There are several ways that people can become addicted to technology. For some, it is the allure of being constantly connected and having access to limitless information. For others, it might be the rush that comes with checking social media or email notifications. And for many, it is a convenience to be able to talk and shop while on the phone (Powers 519). Whatever the reason, addiction to technology is real and can have serious consequences. There are a few different ways that cell phone users can reduce the amount of time they spend online. One is to do activities that do not require dialing the phone, such as reading or listening to music. Another is to use other people as search engines, rather than relying on Google or another search engine every time they need information (Powers 519). Cell phone users can choose to limit their time on social media and other websites that tend to suck up a lot of time and derail social relationships.

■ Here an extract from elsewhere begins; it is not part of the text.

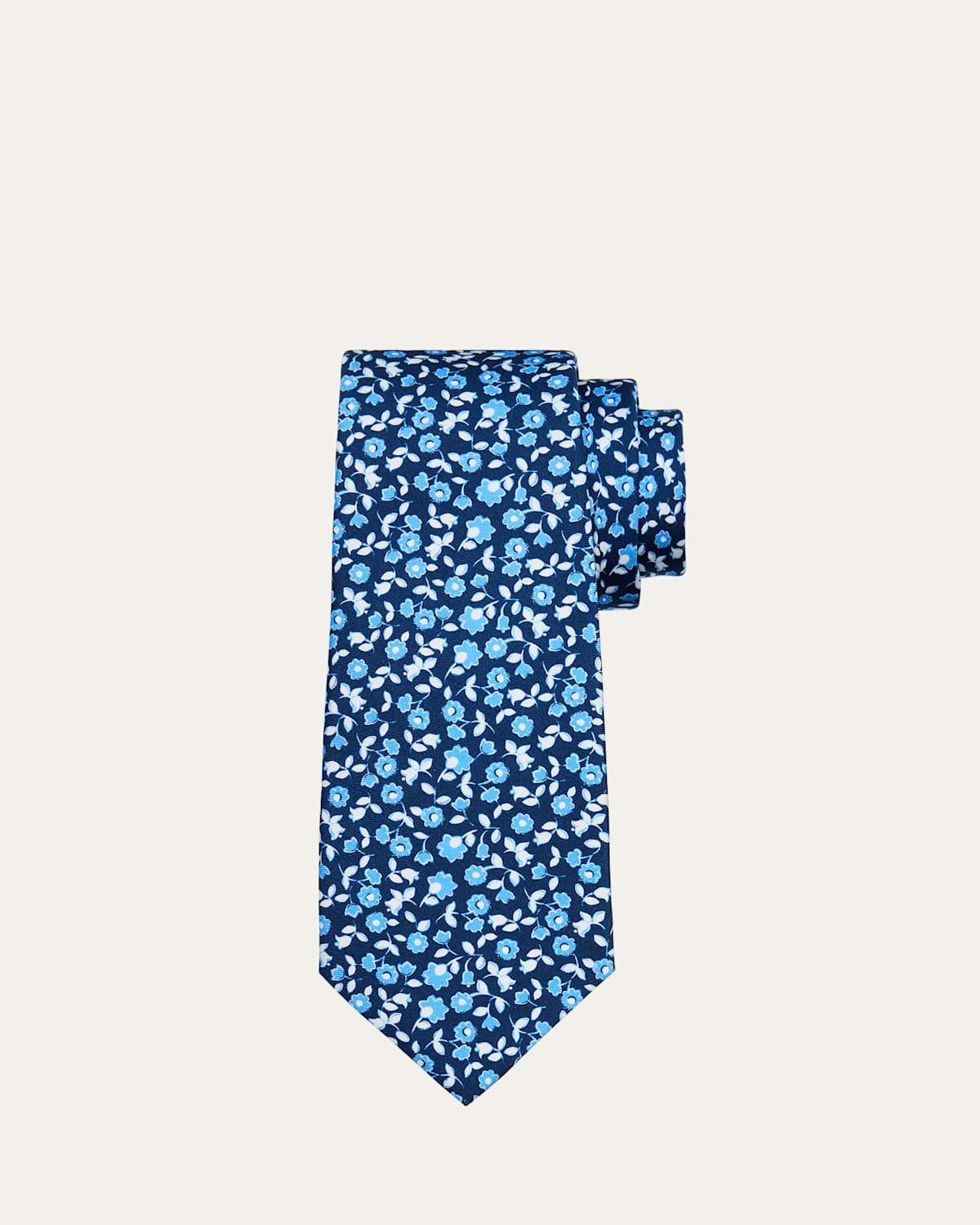 Men's Silk Micro-Floral Seven-Fold Tie

In conclusion, there is no doubt that technology has revolutionized the way we live and interact with each other. However, there is a growing concern that the overuse of technology is hurting human interactions. Technology should be regulated in human relationships because it ruins social connections as well as conversations. Conversations are a key part of human relationships, and technology can disrupt that. It can likewise lead to people feeling isolated and alone, which is not good for mental health. To save the human relationship from technology, people should be encouraged not to embrace performing a single task at a time, and similarly use people to get information instead of the internet.
Works Cited
Powers, William. Not so busy. New York, NY: HarperCollins, 2010.
Turkle, Sherry. Growing up tethered. From Inquiry to Academic Writing, 2015.
Turkle, Sherry. The flight from conversation. The New York Times 22, 2012.